The task:
Go to the line with "23, 26х12х12 см" in the records below, then output it and each following line exactly, up to and including the line with "Nachdem wir uns". Skip pictures and add nothing.

Records from a data source
Segment Open

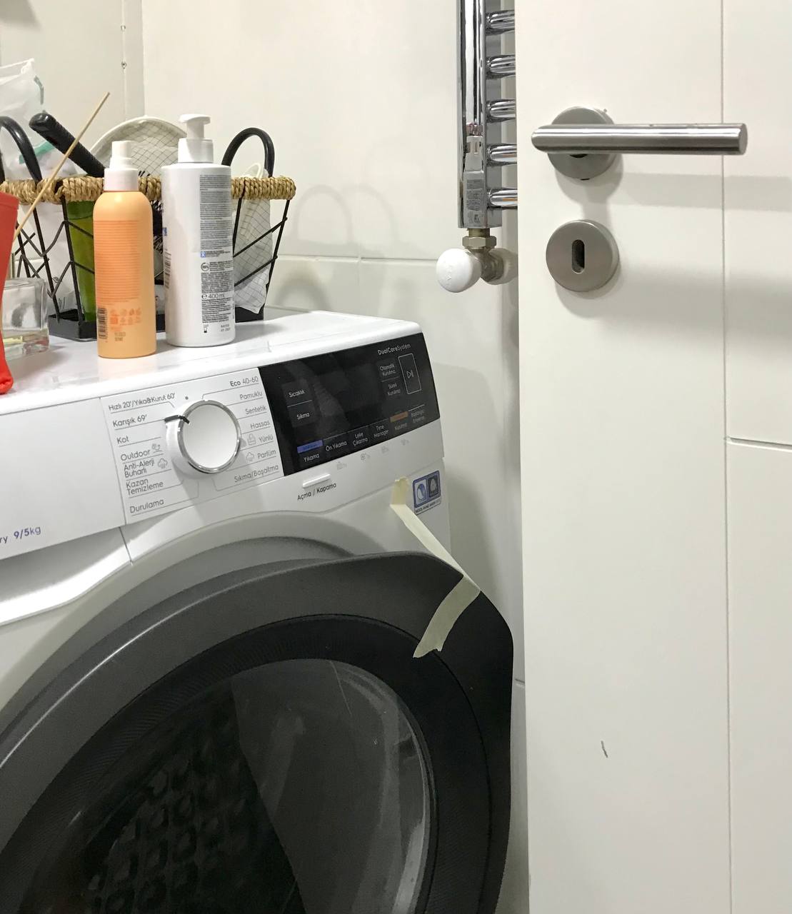 С закрытой дверцей машинка запревает, а с открытой распахивается до конца. Еще дверца врезается в межкомнатную дверь и сдирает с нее краску. И самое страшное — перекрывает дорогу к унитазу. Поэтому мы ее фиксируем скотчем.
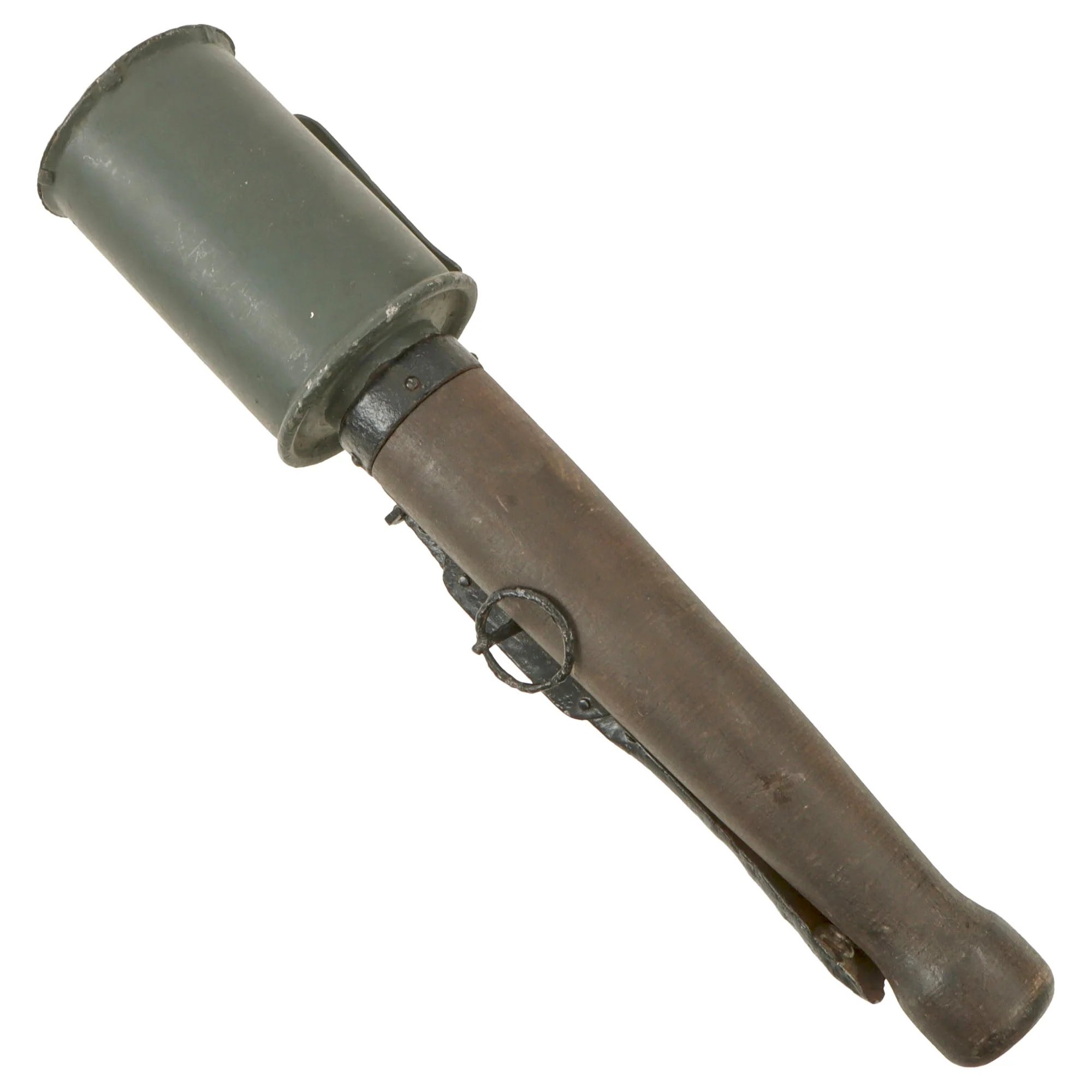 Original German WWI Inert M1915 Poppenberg Percussion Stick Hand Grenade Head & Fittings with Reproduction Wooden Handle- Stielhandgranate
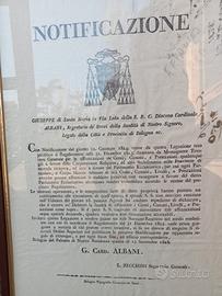 Notificazione Card. Albani 1824 e Decreto Napoleone 1812. Dimensioni cornici 48x32
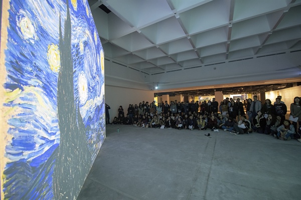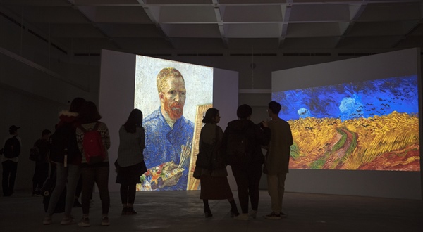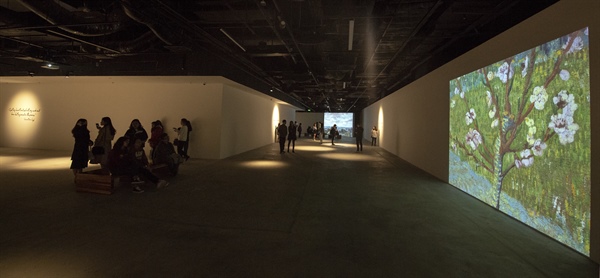 Không gian triển lãm “Ấn tượng phản chiếu: Van Gogh và tác phẩm” tại Trung tâm Nghệ thuật Đương đại Vincom (VCCA). Ảnh: VCCA
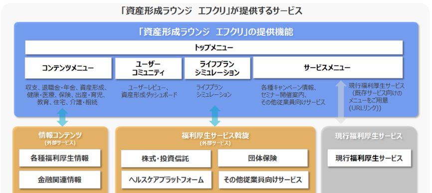 「エフクリ」は、企業の「従業員に対する資産形成支援など、自ら豊かな人生を送ることにつながる福利厚生制度を提供したい」というニーズと、従業員の「精緻な収支シミュレーションをベースに老後を含めたライフプランをデザインしたい」「ライフイベント時に最適なサポートを受けたい」というニーズ、双方に応える情報や商品・サービスを提供する国内初の資産形成プラットフォームです。
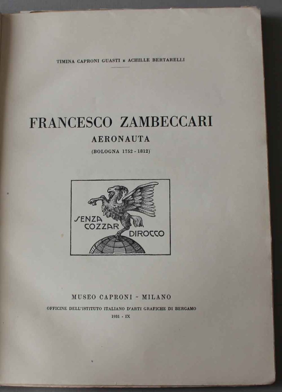 <p>35 cm, cartonatura editoriale, titolo al piatto e dorso e ritratto del Zambeccari applicato al piatto. p. xiv, 124; 24 tavole protette da velina e 19 ill. Tiratura di 500 esemplari fuori commercio e 100 in vendita</p>
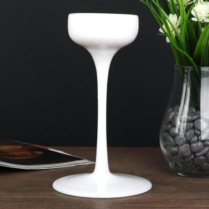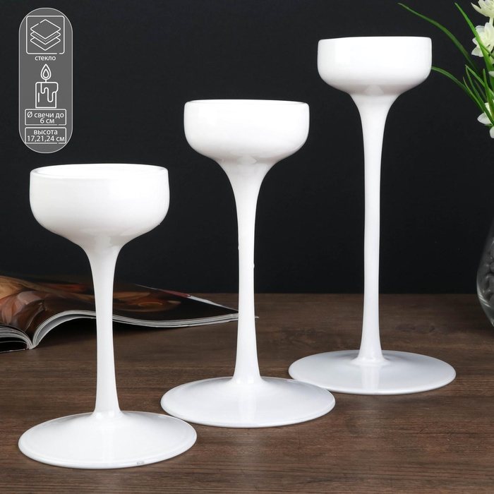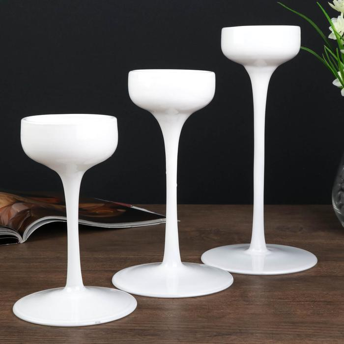 Подсвечник стекло "Бокал-креманка" белый набор 3 шт h- 20, 23, 26х12х12 см
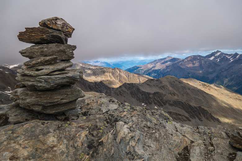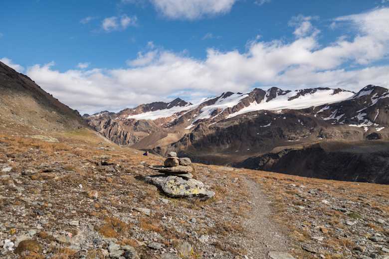 Nachdem wir uns an der Aussicht satt gesehen haben machen wir uns an den Abstieg zurück zur Zufallhütte. Hierfür nehmen wir den vom Aufstieg bekannten Weg durch das Butzental bis wir wieder auf den Steig von der Casatihütte treffen. Im Abstieg sind die Markierungen teilweise etwas schwierig zu sehen, deshalb achten wir immer genau auf die nächste Markierung.
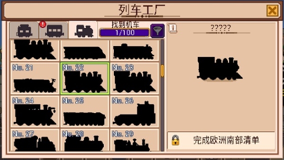 1、首先通过列车工厂的图鉴,可以了解解锁火车头的具体途径,如图所示,解锁当前车头则需要完成欧洲南部清单。

Segment Closed

Answer below:
 Подсвечник стекло "Бокал-креманка" белый набор 3 шт h- 20, 23, 26х12х12 см
 Nachdem wir uns an der Aussicht satt gesehen haben machen wir uns an den Abstieg zurück zur Zufallhütte. Hierfür nehmen wir den vom Aufstieg bekannten Weg durch das Butzental bis wir wieder auf den Steig von der Casatihütte treffen. Im Abstieg sind die Markierungen teilweise etwas schwierig zu sehen, deshalb achten wir immer genau auf die nächste Markierung.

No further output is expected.